Mister Bee Potato Chips
- Product type: potato chips, potato sticks
- Owner: West Virginia Potato Chip Company, LLC
- Country: Parkersburg, West Virginia
- Introduced: 1951
- Markets: West Virginia, Ohio, Western Kentucky
- Website: www.misterbee.com

= Mister Bee Potato Chips =

American brand of potato chips

Mister Bee Potato Chips is an American brand of potato chips produced in Parkersburg, West Virginia, the only potato chip manufacturer in West Virginia. Founded in 1951 by Leo and Sara Klein as a small local business, the company was family-owned until 2010. It is now incorporated as West Virginia Potato Chip Company, LLC, and since 2015 has been owned by Mary Anne Ketelson and partners.

==History==
Leo and Sara Klein founded Mister Bee Potato Chips in 1951, initially making the chips in the morning and delivering them in the afternoon. The company moved to its current site in 1962 and was a million-dollar company by the end of 1972. Leo Klein was succeeded as head of the company in 1979 by his son Alan, who took the title of CEO in 1988, and by 2010 Alan Klein's son Doug was President and COO.

In 2010, the company experienced financial difficulties after losing distribution contracts. In late 2011, production was reduced and then stopped and the company entered Chapter 11 bankruptcy.
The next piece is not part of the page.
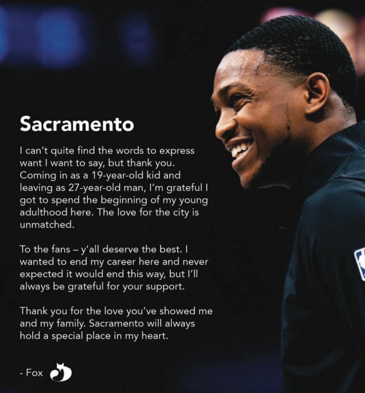 致球迷們,你們理應(yīng)得到最好的。我本想在這里結(jié)束職業(yè)生涯,從未料到會(huì)以這樣的方式離開(kāi),但我會(huì)永遠(yuǎn)感激你們的支持。感謝你們給予我和我家人的愛(ài)。薩克拉門(mén)托在我心中永遠(yuǎn)有一個(gè)特殊的位置。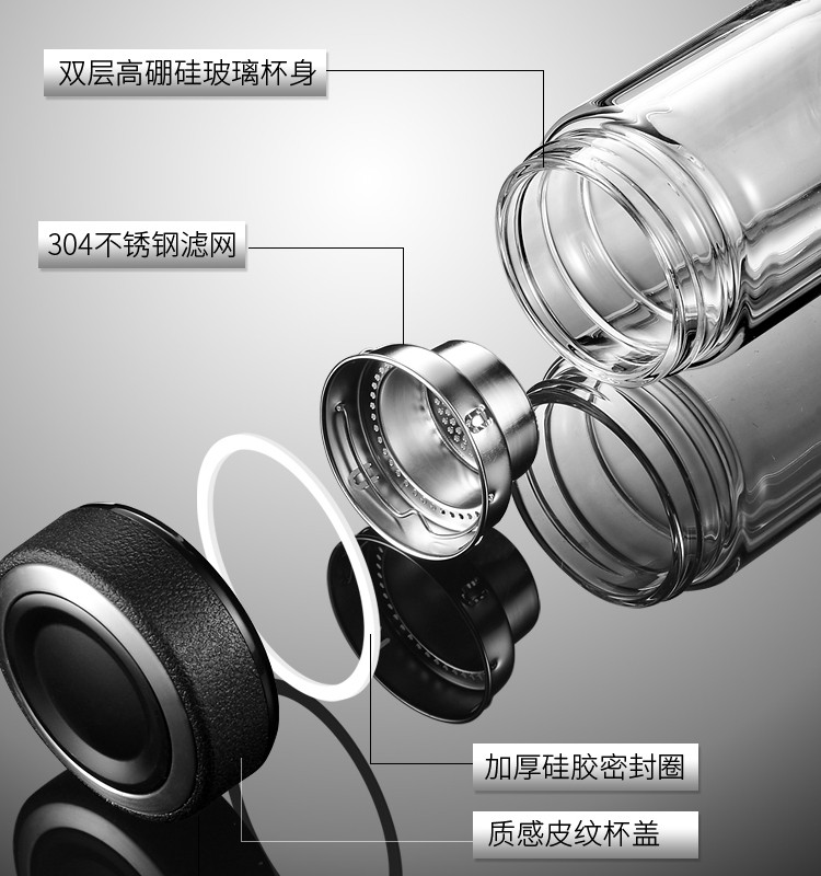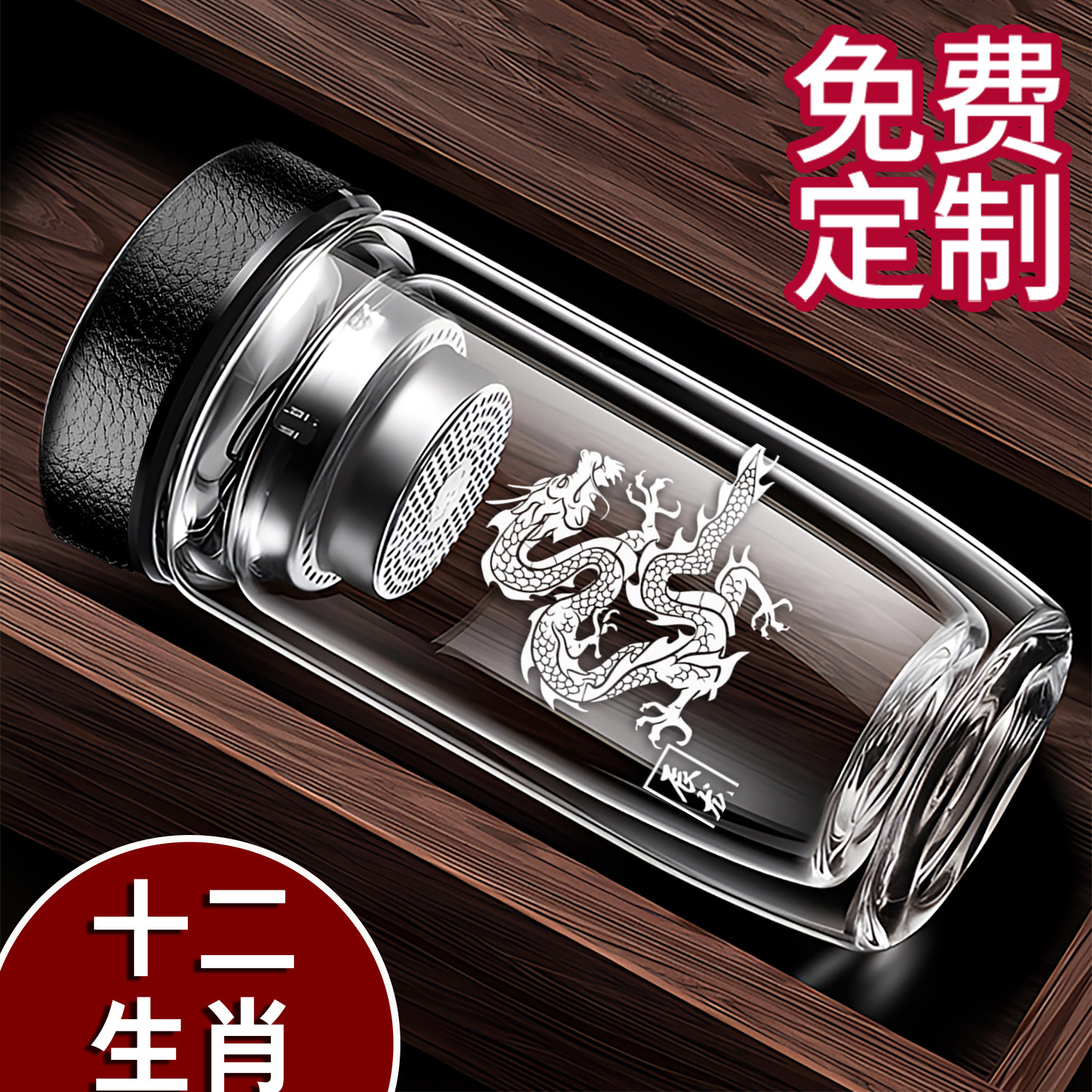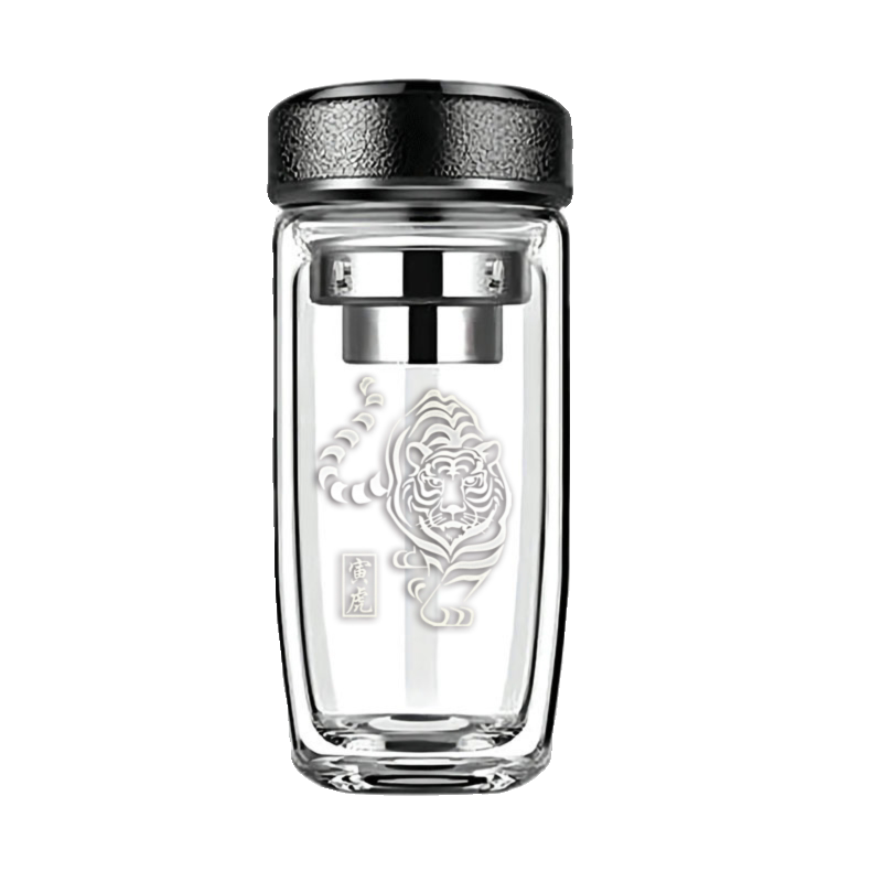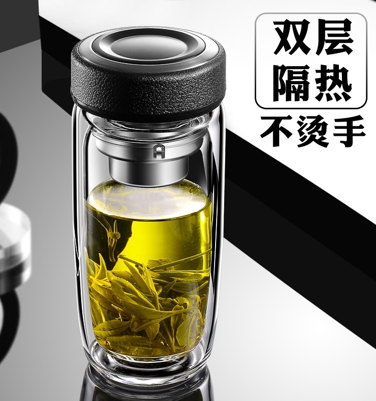 双层鹅蛋玻璃杯加厚男士隔热茶水分离车载定制logo十二生肖泡茶杯

In 2012 it was purchased by Randall Holden and James Richard Barton, and Christie Mallett replaced Doug Klein as company president. Holden subsequently took over as president. After a fire damaged the production plant in March 2013, the company renovated.

Mister Bee Potato Chip Company became West Virginia Potato Chip Company by 2013. In September 2015 it was purchased by Mary Anne (Welch) Ketelsen, Douglas Ketelsen, James Richard Barton, Gregory Barton, and Gregory Reed, and additional financing from Mary Maxine Welch. Reed became president. Mary Anne Ketelson, as majority owner, took over operations in 2018 and new equipment was installed that made possible an increase in production. An expansion of the plant received initial approval in 2020. As of June 2021 the company had 47 employees. As of May 2023, Kevin Holden (no relation to Randall Holden), founder and CEO of Bite Brands of Atlanta, Ga., became majority owner. Mary Anne Ketelsen will remain as an owner of the company.

==Products and distribution==
West Virginia Potato Chip Company is the only remaining potato chip manufacturer in West Virginia, and formerly used the slogan "200 miles fresher" to emphasize that its chips were not shipped into the state from elsewhere. It sells Mister Bee potato chips in West Virginia, Ohio, and Kentucky as well as online; in July–September 2021, distribution was expanded temporarily to Washington, D.C., Maryland, and Virginia. As of August 2021 it produces eight varieties of potato chips, original, sour cream and onion, barbecue, dip style, cheddar sour cream, honey barbecue, jalapeño, and salt and vinegar, and also potato sticks; it also produces chips for other brands.

In 2023, Mister Bee introduced West Virginia-themed chips, such as Pepperoni Roll and "304-style."